_Task to carry out:_ Below are the records. Retype exactly the lines between the lines holding "- Thursday 2/24" and "- 2011年10月26日張小姐一行18人旅游質(zhì)量反饋 [10482]", inclusive.

_Data provided:_
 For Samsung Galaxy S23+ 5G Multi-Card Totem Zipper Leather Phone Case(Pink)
--
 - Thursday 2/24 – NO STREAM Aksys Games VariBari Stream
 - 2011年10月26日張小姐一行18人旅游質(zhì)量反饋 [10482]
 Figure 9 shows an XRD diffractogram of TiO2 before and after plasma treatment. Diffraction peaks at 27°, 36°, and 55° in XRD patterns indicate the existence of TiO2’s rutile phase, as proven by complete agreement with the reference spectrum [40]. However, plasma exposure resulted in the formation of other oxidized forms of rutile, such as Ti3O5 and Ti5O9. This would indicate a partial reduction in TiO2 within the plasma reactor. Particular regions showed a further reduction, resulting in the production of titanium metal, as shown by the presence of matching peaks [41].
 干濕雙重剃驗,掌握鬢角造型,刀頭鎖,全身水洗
* * *
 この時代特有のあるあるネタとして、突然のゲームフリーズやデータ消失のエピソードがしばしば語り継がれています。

_Completed task:_
 - Thursday 2/24 – NO STREAM Aksys Games VariBari Stream
 - 2011年10月26日張小姐一行18人旅游質(zhì)量反饋 [10482]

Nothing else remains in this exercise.